The Interactive Advertising Bureau is challenging two top online measurement firms comScore, Inc and Nielsen//NetRatings to agree to a third-party audit of their measurement processes.
The IAB is seeking transparency in audience counts and wants to revise out of date measuring techniques. There have been numerous discrepancies reported in audience measurements, but comScore and NNR have resisted several requests for audits by the IAB and the Media Ratings Council since 1999.
To find the origin of the discrepancies and to offer solutions, the IAB is asking both comScore and the NNR to receive audits of their processes and technologies by the Media Rating Council (MRC).
The discrepancies exist between the audience measurements of comScore and NNR and the server logs of the IAB’s own members.
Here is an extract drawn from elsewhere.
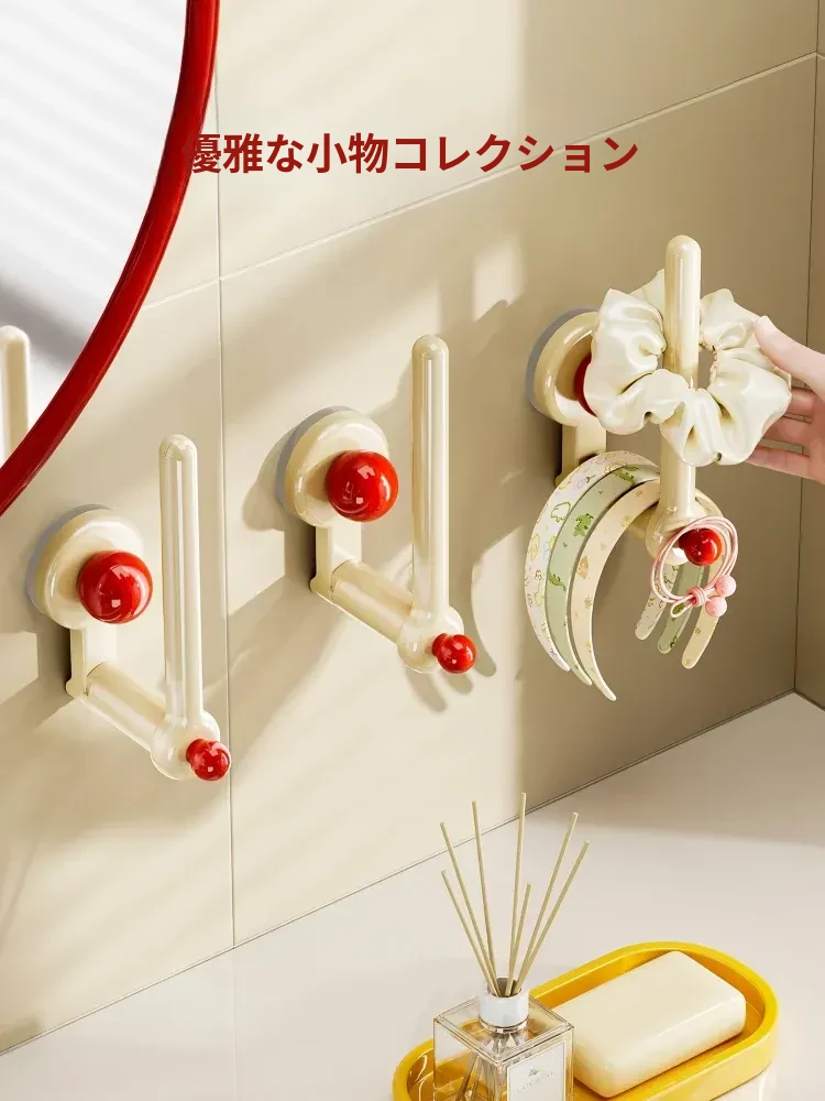 吸盤式ヘアゴム収納フック - バスルーム用壁掛けでスペースを有効活用!ヘアアクセサリーをスッキリ整理し、毎日のスタイリングをもっと便利に。おしゃれで機能的な収納アイテム!

There are also disparities between comScore’s and NNR’s own measurement results. Transparency surrounding the methodologies is important in maintaining advertiser’s confidence.
The audits would provide the industry with a way to examine the root cause of the data discrepancies whether it’s from inconsistent counting or outdated measurement methodologies.
“To persist in using panels that potentially undercount or ignore the diverse populations that are the future of consumer marketing is to deny marketers the insights they need to build their businesses,” writes IAB President and CEO Randall Rothenberg in an open letter to Magid M. Abraham, the President and CEO of comScore, Inc., and William Pulver, the President and CEO Nielsen//NetRatings.
“And it certainly appears to us as if these audiences are being undercounted or disregarded.”
Media companies have questioned the discrepancies between their own log files and panel companies’ findings of Web traffic.
Independently audited methodologies and numbers, Mr. Rothenberg writes, “would let marketers eliminate waste, media companies realize a fair price, and advertising agencies target audiences and analyze their campaigns more effectively.”